Abstract The type I MADS-box genes constitute a largely unexplored subfamily of the extensively studied MADS-box gene family, well known for its role in flower development. Genes of the type I MADS-box subfamily possess the characteristic MADS box but are distinguished from type II MADS-box genes by the absence of the keratin-like box. In this in silico study, we have structurally annotated all 47 members of the type I MADS-box gene family in Arabidopsis thaliana and exerted a thorough analysis of the C-terminal regions of the translated proteins. On the basis of conserved motifs in the C-terminal region, we could classify the gene family into three main groups, two of which could be further subdivided. Phylogenetic trees were inferred to study the evolutionary relationships within this large MADS-box gene subfamily.
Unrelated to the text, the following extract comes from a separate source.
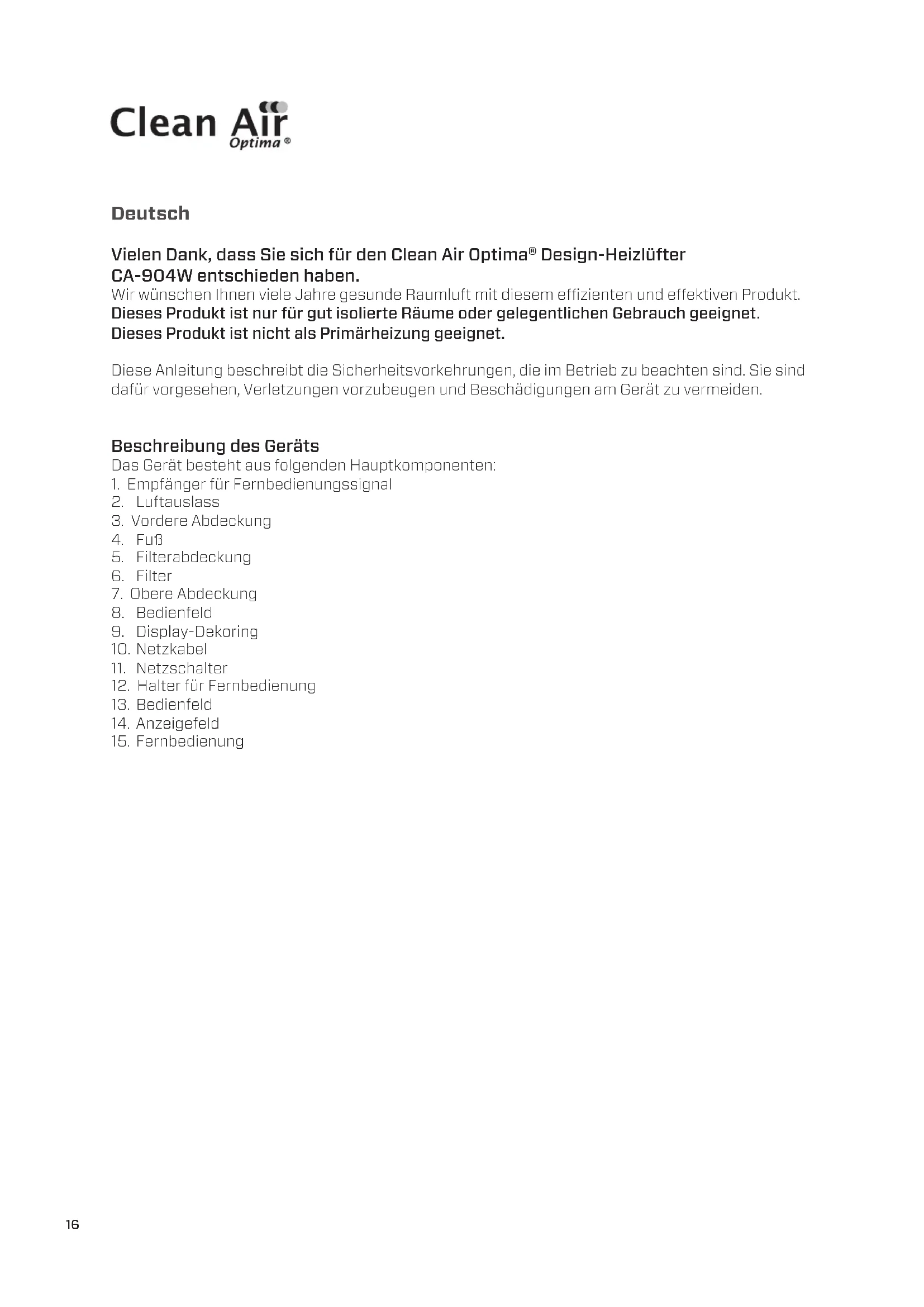 Clean Air Optima International B.V. | David Ricardostraat 9-7 / 9-9 | 7559 SH Hengelo (ov) The Netherlands | Phone: +31 (0) 74 - 2670145 Clean Air Optima Germany GmbH | Enschedestraße 14 | 48529 Nordhorn | Germany Phone: +49 (0) 5921 879-121 E-mail: info@cleanairoptima.com Internet: www.cleanairoptima.com16 Deutsch Vielen Dank, dass Sie sich für den Clean Air Optima® Design-Heizlüfter CA-904W entschieden haben. Wir wünschen Ihnen viele Jahre gesunde Raumluft mit diesem ezienten und eektiven Produkt. Dieses Produkt ist nur für gut isolierte Räume oder gelegentlichen Gebrauch geeignet. Dieses Produkt ist nicht als Primärheizung geeignet. Diese Anleitung beschreibt die Sicherheitsvorkehrungen, die im Betrieb zu beachten sind. Sie sind dafür vorgesehen, Verletzungen vorzubeugen und Beschädigungen am Gerät zu vermeiden. Beschreibung des Geräts Das Gerät besteht aus folgenden Hauptkomponenten:

These suggest for plant type I genes a dynamic of evolution that is significantly different from the mode of both animal type I (SRF) and plant type II (MIKC-type) gene phylogeny. The presence of conserved motifs in the majority of these genes, the identification of Oryza sativa MADS-box type I homologues, and the detection of expressed sequence tags for Arabidopsis thaliana and other plant type I genes suggest that these genes are indeed of functional importance to plants. It is therefore even more intriguing that, from an experimental point of view, almost nothing is known about the function of these MADS-box type I genes.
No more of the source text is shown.